Central to the changes for asylum seekers was the policy that people with access to protection from other countries should not be entitled to seek protection here. This is uncontroversial in principle — it is a policy underlying the approach towards refugees in the Refugees Convention itself.[5] In practice, however, a fine line divides burden sharing by countries dealing with large movements of people across borders, and obligation avoidance.

Arguably, avoidance is the overwhelming aim and consequence of the changes. Australia’s current approach to refugees now starts with the question: how can we get rid of this person? This approach runs counter to the purpose and the spirit of the Refugees Convention, and raises serious questions about Australia’s good faith in dealing with refugees. Relaxed and comfortable Australia is, it seems, rolling out the razor wire.

Refugees and protection obligations

The changes introduced by the BPLAA for refugees built, in part, on a number of developments in the law dating back to the Migration Reform Act 1992 (Cth). Prior to 1992, eligibility for a protection visa required a decision maker to ask whether or not a person was a refugee within the meaning of the Refugees Convention.[6] The 1992 changes replaced this with the question: does Australia owe ‘protection obligations under the Refugees Convention’ to an applicant?[7]

Initially, this seems to have made little change to the approach taken by our courts and tribunals — ultimately, a country will only have protection obligations under the Convention if a person is, in fact, a refugee. However, the effect of the change was to shift the focus away from the applicant and his or her claims, and onto whether or not they were Australia’s ‘problem’.

In a string of cases from 1997, the courts began to wind back the limits of Australia’s obligations under the Convention in cases where applicants had access to protection elsewhere. This followed developments in Europe, where the ‘safe third country’ doctrine was also being used to minimise the protection obligations owed to people who had passed through other countries before making a claim for asylum.[8]

Independently of this line of cases were two Federal Court authorities arising out the tooth-and-nail struggle to deny responsibility for East Timorese refugees, and have them sent to Portugal. The approach taken by the courts in those cases reflected a more cautious approach — and, in the view of the author, one which grasped the basic humanitarian objectives of the Refugees Convention as a whole, and the context of Australia’s international human rights obligations.

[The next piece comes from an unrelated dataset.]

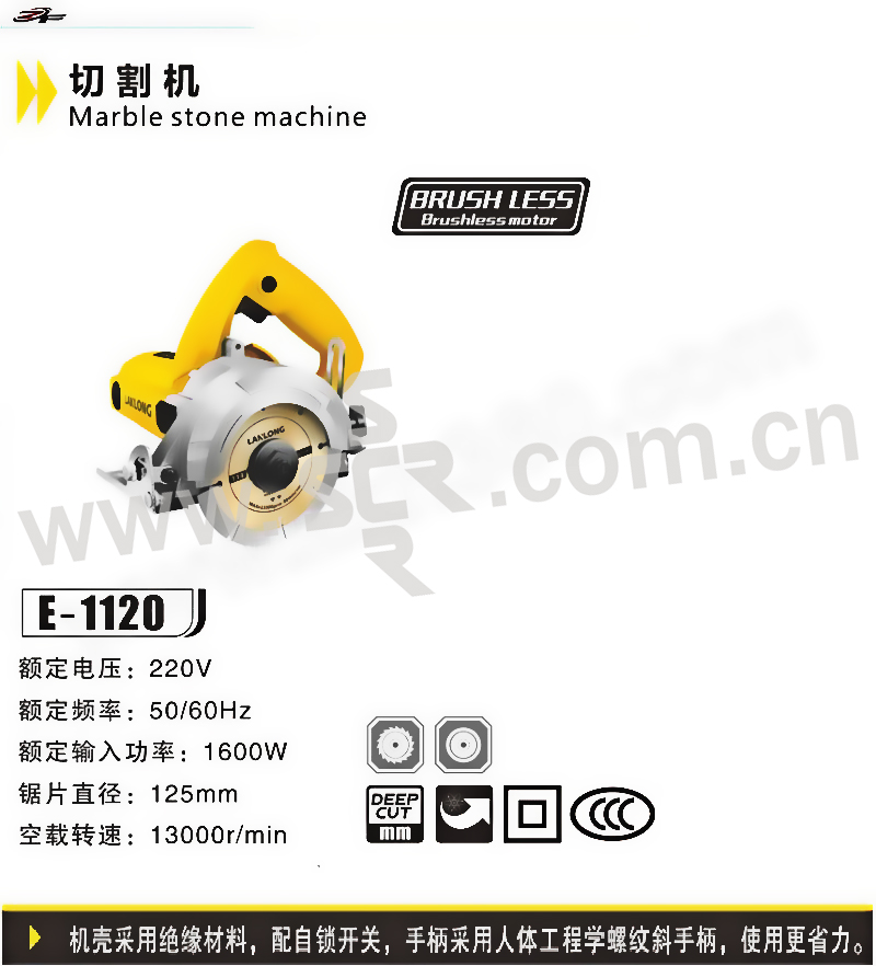 ·机壳采用绝缘材料,配自锁开关,手柄采用人体工程学螺纹斜手柄,使用更省力。

The battle for the East Timorese in Australia is still being waged[9] but the changes introduced by the BPLAA have made sure that in terms of the principles applicable to refugee cases, the war has been won by the Minister.

Thiyagarajah and Safe Third Countries

The Full Federal Court in Thiyagarajah,[10] developed the distinction between determining whether or not someone is a refugee, and whether or not Australia owes that person protection obligations. The Court focused on the concept of non-refoulement — the principle that a person must not be returned to a country in which they will face persecution.[11]

Mr Thiyagarajah, a Sri Lankan asylum seeker, had previously been granted refugee status by France, and been given permanent residence there. The Court found that it would not be in breach of Australia’s obligations to return a person to another country in which they had already been granted refugee status, and would receive ‘effective protection’ there, including the right to reside, enter and re-enter. Effective protection was said to mean protection from refoulement to a person’s country of origin, should that person happen to be a refugee.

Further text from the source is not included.